(Records drawn from a dataset)
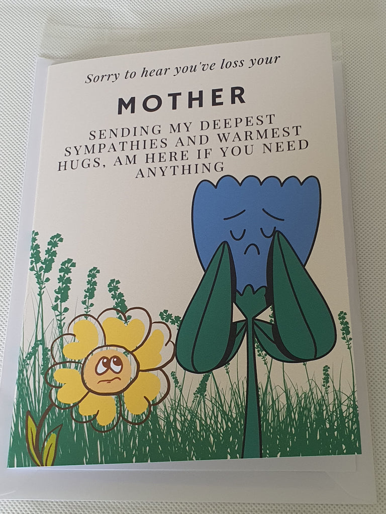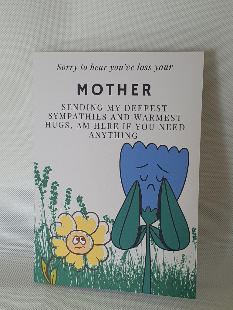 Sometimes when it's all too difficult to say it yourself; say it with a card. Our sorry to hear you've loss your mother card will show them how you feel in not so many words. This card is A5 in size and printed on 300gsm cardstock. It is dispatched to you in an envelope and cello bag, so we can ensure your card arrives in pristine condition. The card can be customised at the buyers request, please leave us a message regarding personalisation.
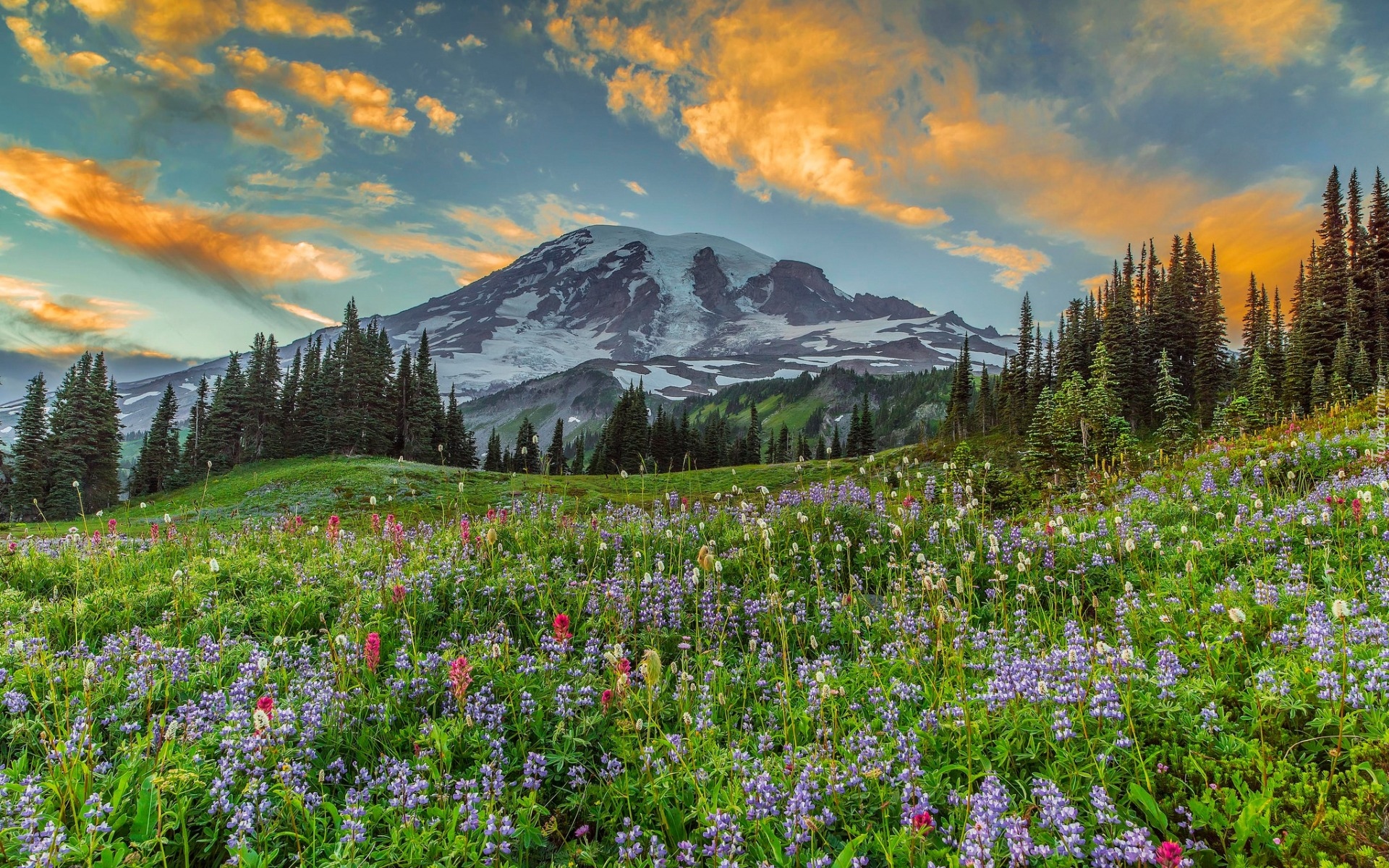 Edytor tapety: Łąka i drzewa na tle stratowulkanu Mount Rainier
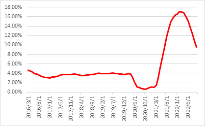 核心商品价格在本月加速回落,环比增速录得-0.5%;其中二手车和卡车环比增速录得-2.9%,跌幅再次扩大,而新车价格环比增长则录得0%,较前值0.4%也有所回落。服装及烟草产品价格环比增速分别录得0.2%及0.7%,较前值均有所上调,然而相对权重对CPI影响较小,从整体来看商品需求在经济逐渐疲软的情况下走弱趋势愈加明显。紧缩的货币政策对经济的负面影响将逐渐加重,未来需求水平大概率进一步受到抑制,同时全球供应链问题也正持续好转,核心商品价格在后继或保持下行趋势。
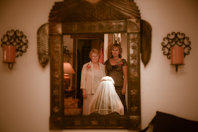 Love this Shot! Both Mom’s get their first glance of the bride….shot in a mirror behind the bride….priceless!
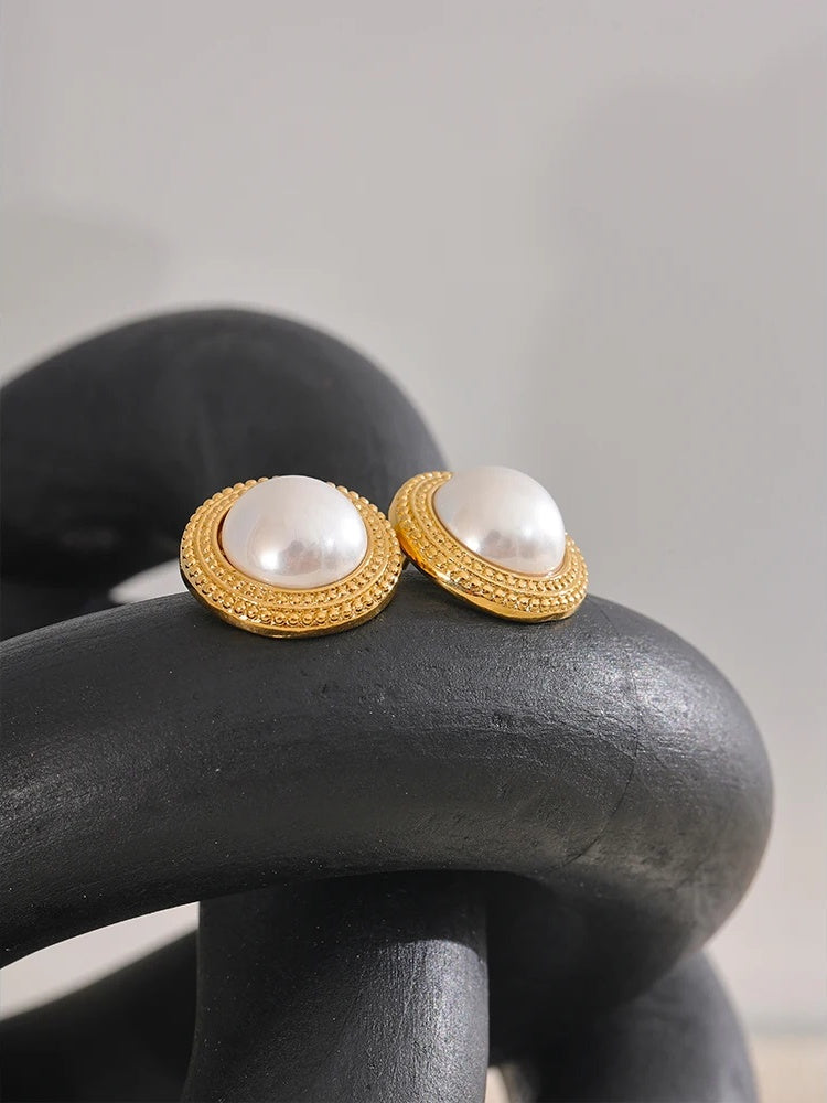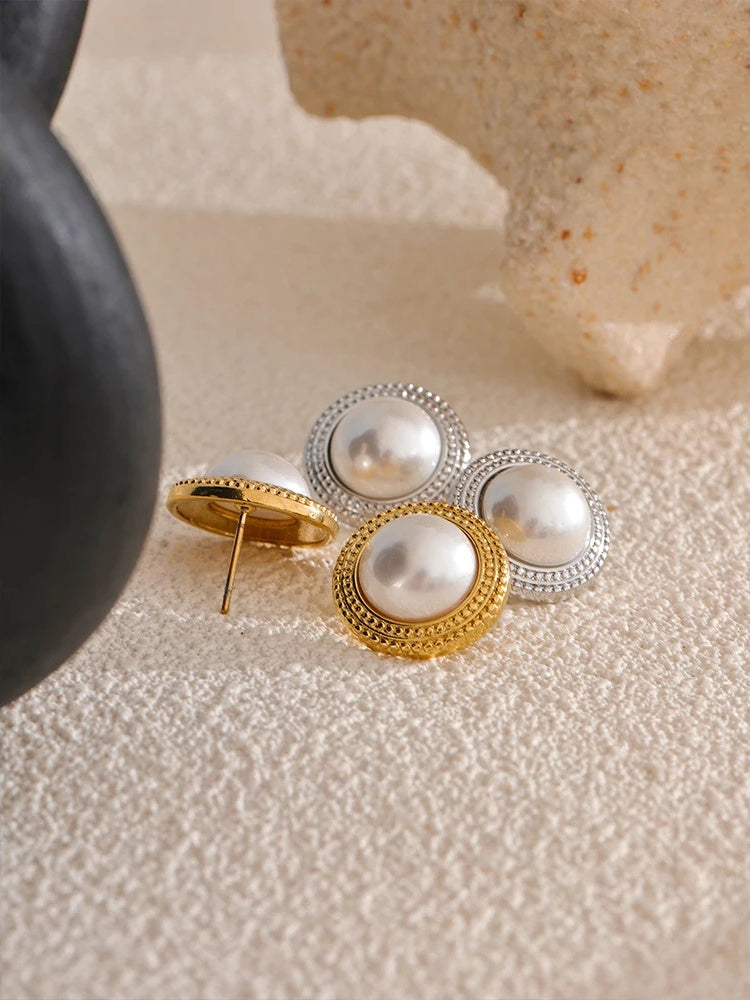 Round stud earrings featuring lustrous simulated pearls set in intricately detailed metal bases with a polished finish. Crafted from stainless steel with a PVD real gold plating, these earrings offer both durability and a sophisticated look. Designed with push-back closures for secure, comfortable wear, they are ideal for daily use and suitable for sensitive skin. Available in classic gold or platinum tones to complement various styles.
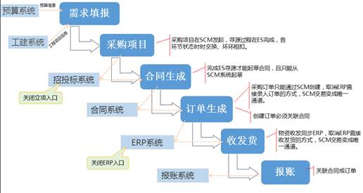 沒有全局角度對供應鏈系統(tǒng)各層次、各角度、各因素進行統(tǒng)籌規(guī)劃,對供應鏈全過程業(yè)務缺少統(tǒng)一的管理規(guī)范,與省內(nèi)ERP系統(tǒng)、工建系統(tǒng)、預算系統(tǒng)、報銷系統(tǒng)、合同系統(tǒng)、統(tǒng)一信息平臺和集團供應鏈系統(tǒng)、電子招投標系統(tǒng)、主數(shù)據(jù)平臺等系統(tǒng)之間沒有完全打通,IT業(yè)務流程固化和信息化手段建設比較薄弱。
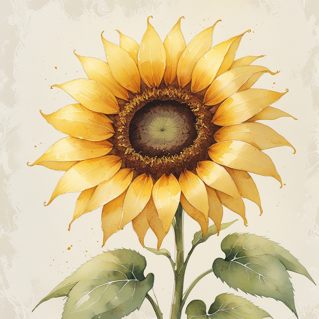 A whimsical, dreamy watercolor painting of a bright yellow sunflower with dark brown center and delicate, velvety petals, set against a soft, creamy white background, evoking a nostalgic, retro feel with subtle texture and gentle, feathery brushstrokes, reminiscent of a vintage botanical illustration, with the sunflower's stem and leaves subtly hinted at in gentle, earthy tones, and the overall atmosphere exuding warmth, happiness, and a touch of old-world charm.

* * *

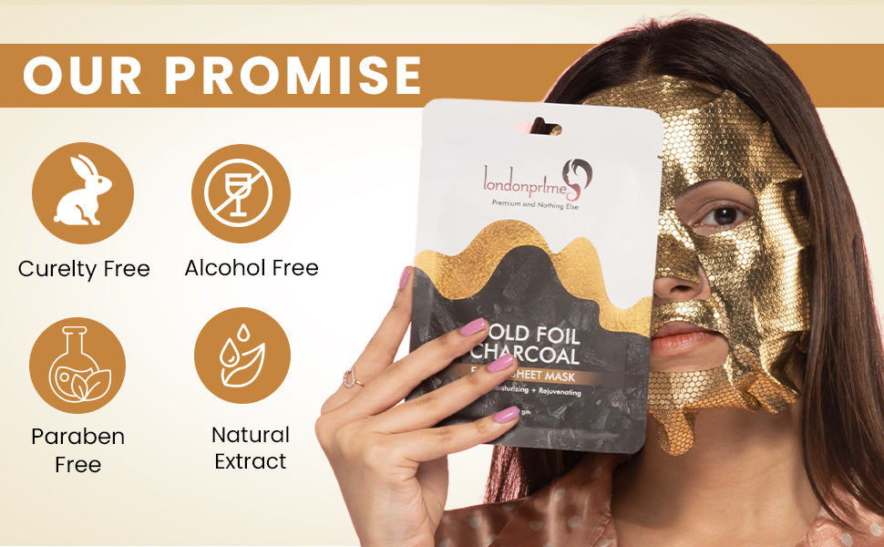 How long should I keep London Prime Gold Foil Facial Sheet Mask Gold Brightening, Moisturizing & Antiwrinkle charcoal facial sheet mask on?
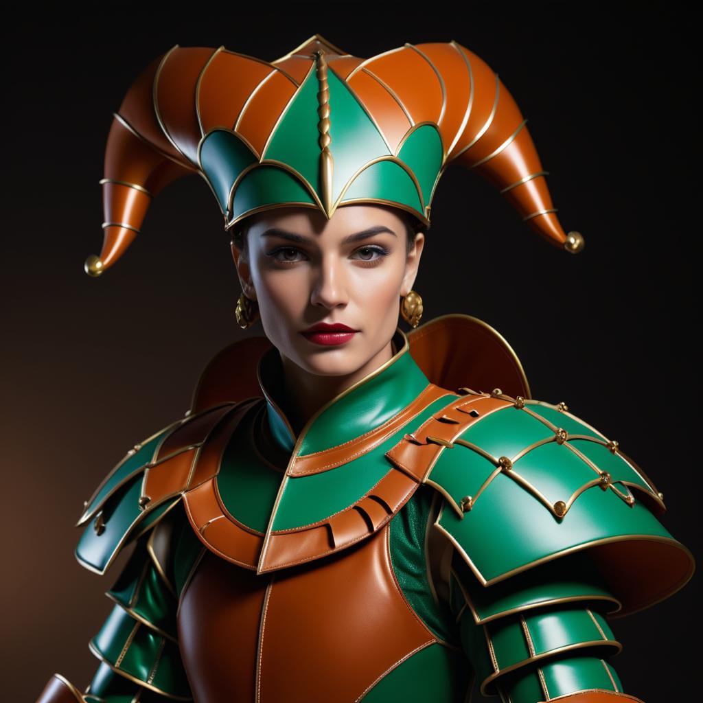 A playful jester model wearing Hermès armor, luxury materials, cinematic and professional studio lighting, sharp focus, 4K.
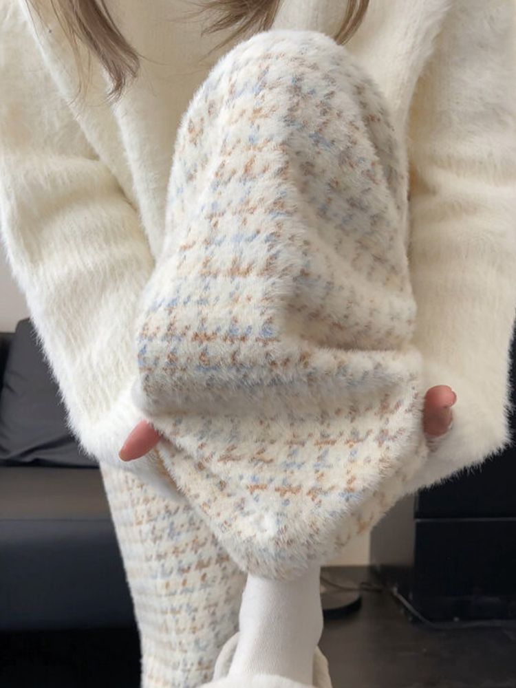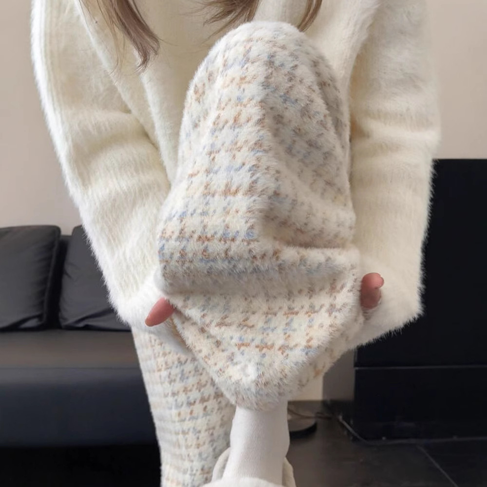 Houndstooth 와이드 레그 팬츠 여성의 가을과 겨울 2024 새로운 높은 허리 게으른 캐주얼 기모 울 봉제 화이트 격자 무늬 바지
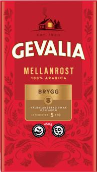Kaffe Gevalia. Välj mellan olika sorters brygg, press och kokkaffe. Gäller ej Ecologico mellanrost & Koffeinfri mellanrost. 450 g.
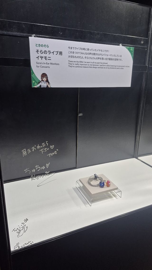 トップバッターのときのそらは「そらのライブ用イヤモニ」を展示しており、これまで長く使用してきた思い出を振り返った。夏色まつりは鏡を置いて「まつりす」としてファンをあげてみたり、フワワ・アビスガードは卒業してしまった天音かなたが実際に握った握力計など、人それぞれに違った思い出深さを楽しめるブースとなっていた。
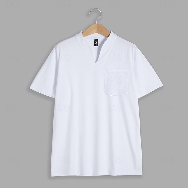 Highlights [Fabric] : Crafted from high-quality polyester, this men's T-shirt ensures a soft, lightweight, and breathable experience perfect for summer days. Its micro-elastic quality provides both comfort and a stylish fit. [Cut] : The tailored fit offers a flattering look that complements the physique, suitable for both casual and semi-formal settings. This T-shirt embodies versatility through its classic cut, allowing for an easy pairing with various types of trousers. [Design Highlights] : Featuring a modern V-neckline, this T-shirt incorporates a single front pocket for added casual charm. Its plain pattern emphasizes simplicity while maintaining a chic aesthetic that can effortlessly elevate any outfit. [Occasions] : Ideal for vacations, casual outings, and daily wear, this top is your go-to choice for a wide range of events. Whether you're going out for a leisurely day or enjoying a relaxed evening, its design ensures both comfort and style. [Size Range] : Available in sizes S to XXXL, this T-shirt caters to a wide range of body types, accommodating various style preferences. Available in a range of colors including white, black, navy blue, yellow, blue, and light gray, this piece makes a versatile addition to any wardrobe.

Instructions to follow
Reproduce the records above exactly, but only from the line with "核心商品价格在本月加速回落,环比增速录得" up to and including the line with "Love this Shot!". Leave the pictures out.

Problem solution
 核心商品价格在本月加速回落,环比增速录得-0.5%;其中二手车和卡车环比增速录得-2.9%,跌幅再次扩大,而新车价格环比增长则录得0%,较前值0.4%也有所回落。服装及烟草产品价格环比增速分别录得0.2%及0.7%,较前值均有所上调,然而相对权重对CPI影响较小,从整体来看商品需求在经济逐渐疲软的情况下走弱趋势愈加明显。紧缩的货币政策对经济的负面影响将逐渐加重,未来需求水平大概率进一步受到抑制,同时全球供应链问题也正持续好转,核心商品价格在后继或保持下行趋势。
 Love this Shot! Both Mom’s get their first glance of the bride….shot in a mirror behind the bride….priceless!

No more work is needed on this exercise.